WHAT IS NEEDED: Pictures in the records below must be left out. Return exactly the lines from the line with "O charmoso bangalô" to the line with "Dans l'onglet contextuel", both included.

RECORDS SHOWN:
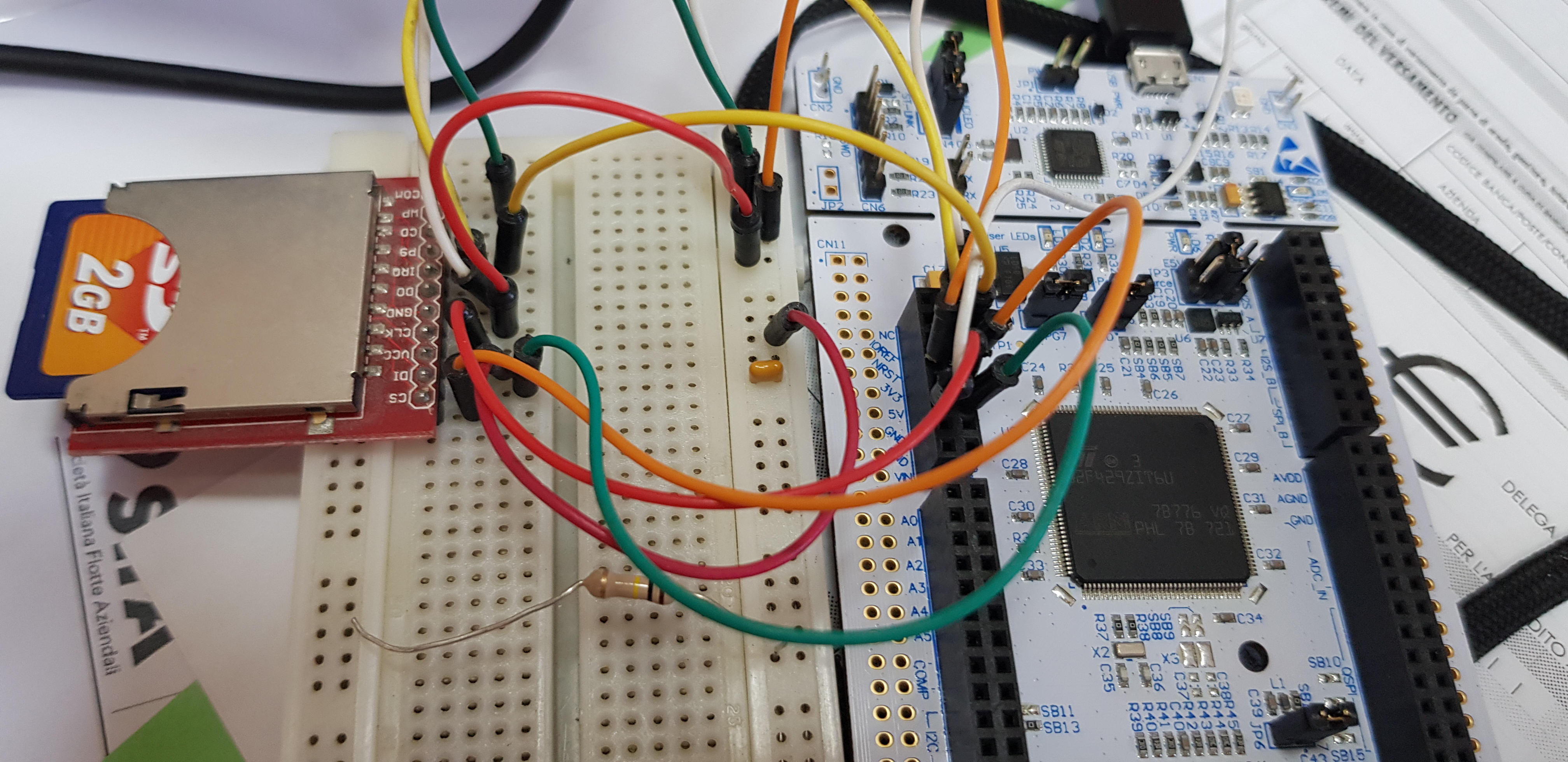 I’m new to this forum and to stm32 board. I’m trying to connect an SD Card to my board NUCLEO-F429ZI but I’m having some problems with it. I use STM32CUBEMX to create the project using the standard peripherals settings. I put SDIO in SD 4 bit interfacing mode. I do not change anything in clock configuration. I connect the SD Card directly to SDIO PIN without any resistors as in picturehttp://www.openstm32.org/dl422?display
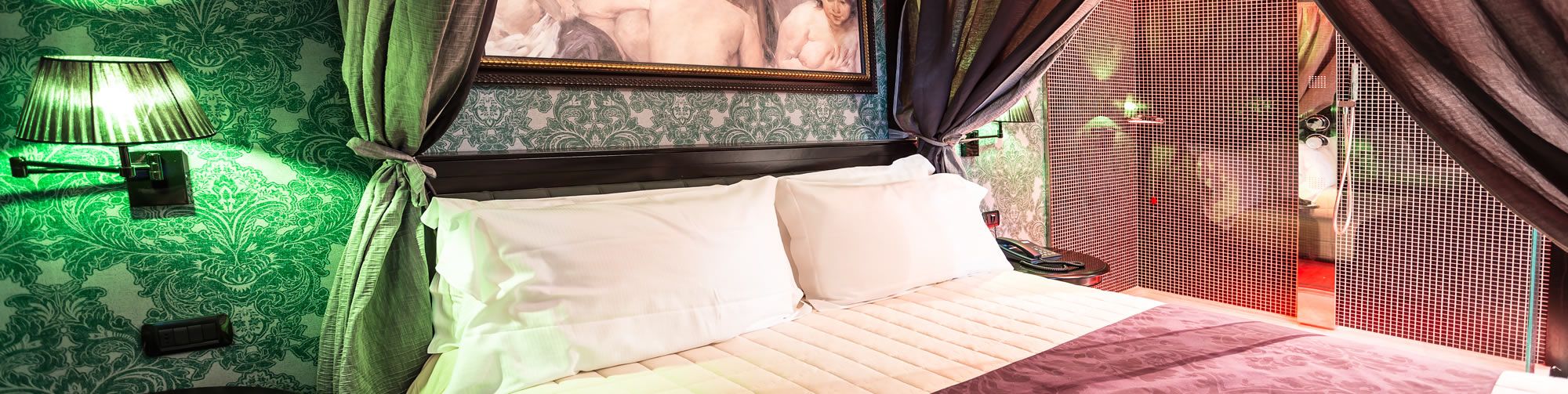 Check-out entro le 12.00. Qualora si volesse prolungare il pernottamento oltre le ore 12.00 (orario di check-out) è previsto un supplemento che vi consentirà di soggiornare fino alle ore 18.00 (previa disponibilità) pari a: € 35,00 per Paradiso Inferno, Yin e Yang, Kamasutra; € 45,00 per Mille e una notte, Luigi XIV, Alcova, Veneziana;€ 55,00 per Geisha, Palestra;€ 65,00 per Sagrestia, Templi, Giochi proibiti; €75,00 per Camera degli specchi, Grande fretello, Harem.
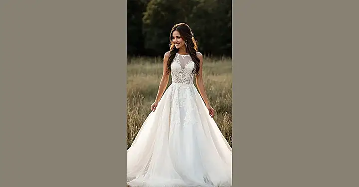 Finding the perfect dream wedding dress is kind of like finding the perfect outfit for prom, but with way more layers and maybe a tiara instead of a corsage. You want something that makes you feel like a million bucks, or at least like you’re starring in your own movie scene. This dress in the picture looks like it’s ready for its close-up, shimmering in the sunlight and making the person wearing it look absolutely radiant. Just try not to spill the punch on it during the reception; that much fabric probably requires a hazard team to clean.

---

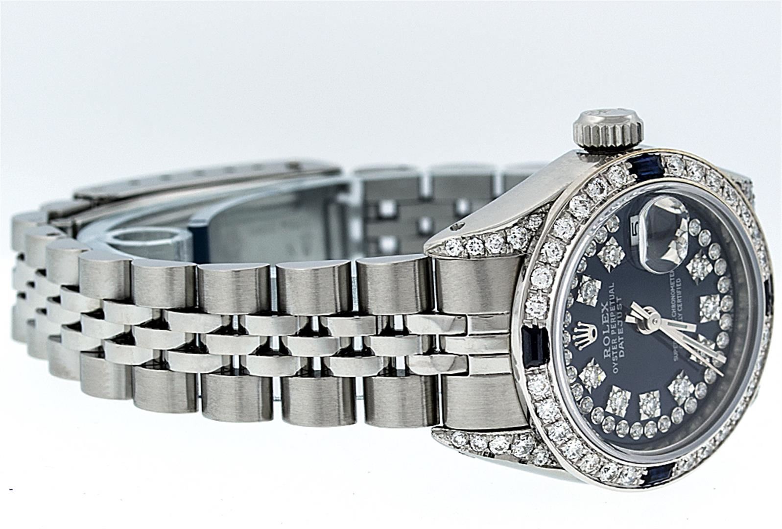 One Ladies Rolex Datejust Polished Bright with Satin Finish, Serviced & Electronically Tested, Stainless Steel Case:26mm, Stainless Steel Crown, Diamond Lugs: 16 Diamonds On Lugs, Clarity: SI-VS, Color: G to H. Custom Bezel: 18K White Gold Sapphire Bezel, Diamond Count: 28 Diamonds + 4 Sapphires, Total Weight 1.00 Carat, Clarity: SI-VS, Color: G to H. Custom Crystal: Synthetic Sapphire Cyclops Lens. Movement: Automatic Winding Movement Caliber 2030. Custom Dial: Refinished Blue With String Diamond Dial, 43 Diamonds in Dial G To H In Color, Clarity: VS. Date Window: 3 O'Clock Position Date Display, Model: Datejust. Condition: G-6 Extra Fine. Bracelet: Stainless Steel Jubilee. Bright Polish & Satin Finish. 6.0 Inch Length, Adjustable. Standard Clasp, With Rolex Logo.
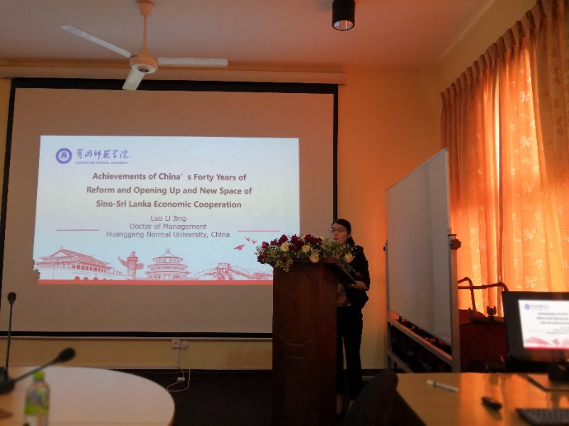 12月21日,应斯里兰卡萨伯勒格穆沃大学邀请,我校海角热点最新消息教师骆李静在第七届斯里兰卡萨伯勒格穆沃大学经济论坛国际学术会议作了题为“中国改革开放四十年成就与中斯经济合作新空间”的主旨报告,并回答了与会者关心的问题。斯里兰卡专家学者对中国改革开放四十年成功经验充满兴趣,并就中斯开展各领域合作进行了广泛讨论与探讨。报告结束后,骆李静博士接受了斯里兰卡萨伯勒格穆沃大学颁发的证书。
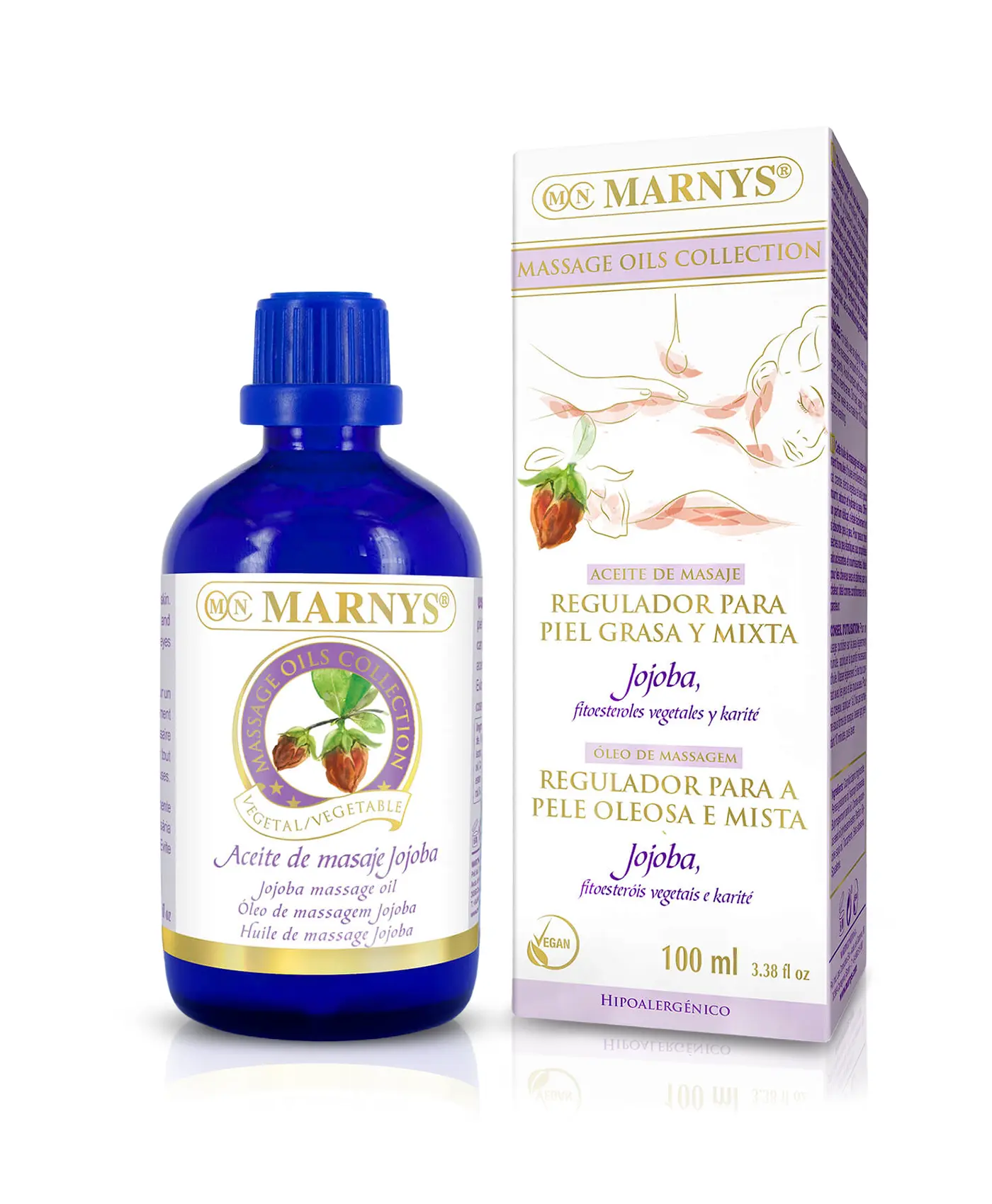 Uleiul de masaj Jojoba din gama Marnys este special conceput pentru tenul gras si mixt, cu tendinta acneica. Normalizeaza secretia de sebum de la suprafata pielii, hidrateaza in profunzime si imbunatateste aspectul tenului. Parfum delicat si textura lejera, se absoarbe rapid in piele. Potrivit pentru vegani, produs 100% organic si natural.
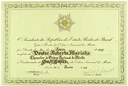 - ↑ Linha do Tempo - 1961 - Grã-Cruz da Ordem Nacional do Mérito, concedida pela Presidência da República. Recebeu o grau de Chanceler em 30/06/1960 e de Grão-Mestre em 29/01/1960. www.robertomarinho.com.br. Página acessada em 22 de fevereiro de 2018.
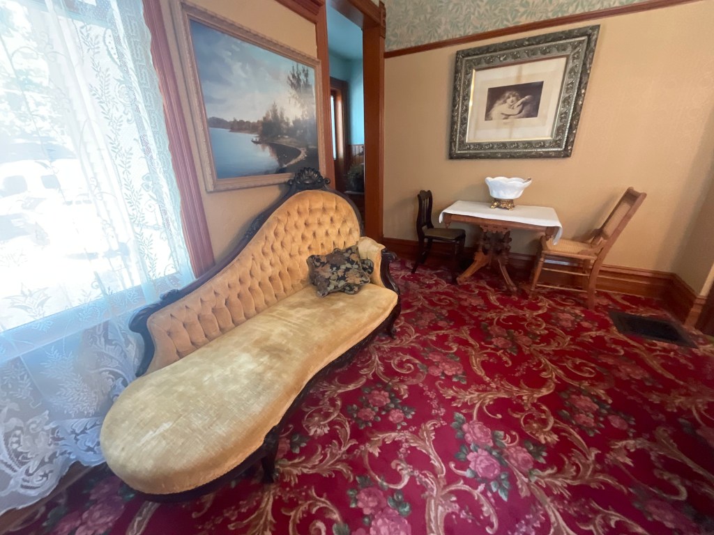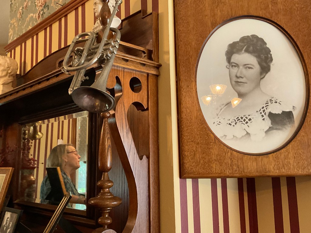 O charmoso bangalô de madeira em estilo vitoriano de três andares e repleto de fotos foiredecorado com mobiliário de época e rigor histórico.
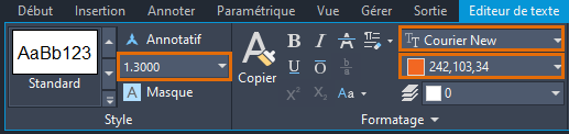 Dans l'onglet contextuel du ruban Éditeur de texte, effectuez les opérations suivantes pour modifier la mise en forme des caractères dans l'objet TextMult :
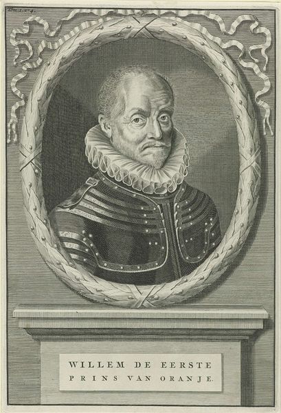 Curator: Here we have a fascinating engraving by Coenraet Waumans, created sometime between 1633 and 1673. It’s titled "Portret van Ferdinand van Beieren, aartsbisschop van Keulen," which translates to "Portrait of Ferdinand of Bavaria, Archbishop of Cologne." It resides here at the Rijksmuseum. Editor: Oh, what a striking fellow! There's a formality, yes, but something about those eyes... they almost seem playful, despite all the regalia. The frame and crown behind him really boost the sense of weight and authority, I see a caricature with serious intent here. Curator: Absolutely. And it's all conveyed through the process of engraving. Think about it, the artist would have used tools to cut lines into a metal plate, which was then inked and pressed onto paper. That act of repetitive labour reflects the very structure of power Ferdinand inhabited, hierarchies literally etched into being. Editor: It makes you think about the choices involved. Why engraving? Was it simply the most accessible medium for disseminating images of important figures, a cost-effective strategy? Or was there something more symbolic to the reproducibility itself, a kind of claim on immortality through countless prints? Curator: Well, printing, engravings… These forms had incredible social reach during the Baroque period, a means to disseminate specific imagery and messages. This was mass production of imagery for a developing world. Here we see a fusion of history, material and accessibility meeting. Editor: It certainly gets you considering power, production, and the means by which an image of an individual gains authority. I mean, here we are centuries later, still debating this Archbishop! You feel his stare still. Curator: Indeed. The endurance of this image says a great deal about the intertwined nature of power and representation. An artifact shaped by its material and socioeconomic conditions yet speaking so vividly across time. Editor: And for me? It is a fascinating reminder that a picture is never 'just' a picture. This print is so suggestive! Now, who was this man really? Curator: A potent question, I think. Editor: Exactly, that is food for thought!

==

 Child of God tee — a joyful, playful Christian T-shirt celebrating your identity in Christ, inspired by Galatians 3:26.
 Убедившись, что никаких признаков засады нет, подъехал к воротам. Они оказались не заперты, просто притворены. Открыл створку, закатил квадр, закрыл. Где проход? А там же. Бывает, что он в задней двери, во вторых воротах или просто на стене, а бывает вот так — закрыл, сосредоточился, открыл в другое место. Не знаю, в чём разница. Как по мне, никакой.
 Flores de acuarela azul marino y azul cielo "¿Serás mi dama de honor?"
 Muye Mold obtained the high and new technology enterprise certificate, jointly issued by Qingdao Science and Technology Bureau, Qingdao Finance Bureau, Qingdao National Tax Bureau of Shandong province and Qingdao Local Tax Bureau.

WRITTEN ANSWER:
 O charmoso bangalô de madeira em estilo vitoriano de três andares e repleto de fotos foiredecorado com mobiliário de época e rigor histórico.
 Dans l'onglet contextuel du ruban Éditeur de texte, effectuez les opérations suivantes pour modifier la mise en forme des caractères dans l'objet TextMult :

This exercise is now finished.